The answer is – according to Dylan Beattie – no (as in all headlines with a yes/no question mark). It was more a philosophical, than a software talk, but nevertheless quite entertaining. One of the nice thoughts: Although we make smart systems, we should never make them arrogant, and should be extremely humble when the fail.

Programming For The Criminally Insane

Mark Rendle made a brilliant and hilarious show of the last talk of the conference. His talk had only one purpose: entertainment. He succeeded! I can not remember being a room of software engineers where there was half as much laughing as during this talk. Mark showed some insane languages who where only designed to be fun. Languages such as Brainfuck (only .,<>+-[]), Whitespace (like brainfuck but only with space, tab, linefeed), Shakespeare (reads as a Shakespeare play), INTERCAL (with keywords like PLEASE, COME FROM, GIVE UP) and others. I guess that if you are not a programmer, you would not have any clue…

Sat/Sun 21/22 November

Workshops machine learning with F#

During the weekend there where some nice workshops.
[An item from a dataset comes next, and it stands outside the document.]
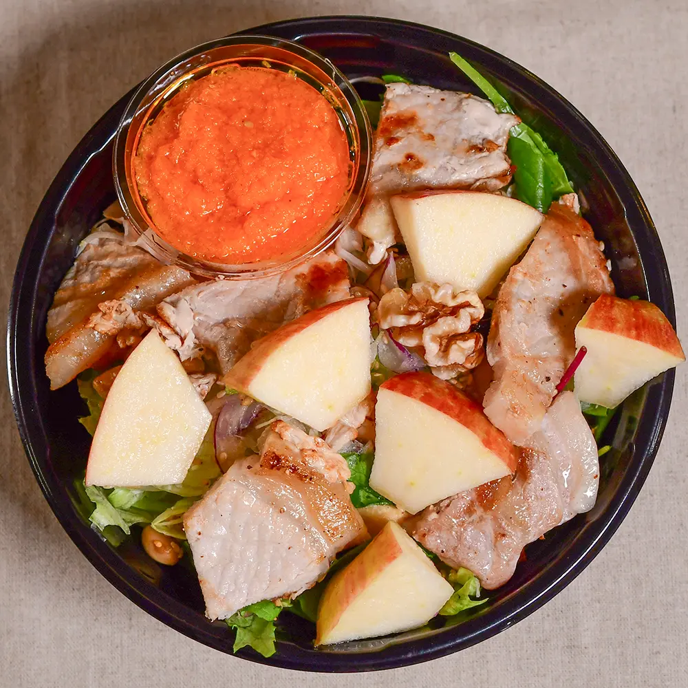 抗生物質・合成抗菌剤不使用で育てられた県産ブランド豚「上州もち豚」使用。さっぱりとしたりんごとにんじんドレッシングとの相性抜群です。

Together with Ad and Wilko, I followed the workshop about machine learning. The first day, a lot of struggled with F# as most of us (including me) lacked experience with a functional programming languages in general and F# in particular. It was a nice course, with some classics to work on: OCR, user behaviour prediction, a spam-filter, and an AI using a simple neural network.

Conclusions

Although not all talks reached my expectations, in general it was a great week. The workshop I followed was fantastic, and the congress as a hole was way better than the DevDays (my only reference). The software community is adapting Micro services, and using functional languages (such as Haskell and F#) to write smarter (self learning) systems. Test driven development is adopted widely by the industry (which is good), but there are still a lot difficulties to master. I hope, to be able to get hands on experience with most of the topics, and look forward to evangelise some of these ideas and approaches at Exact!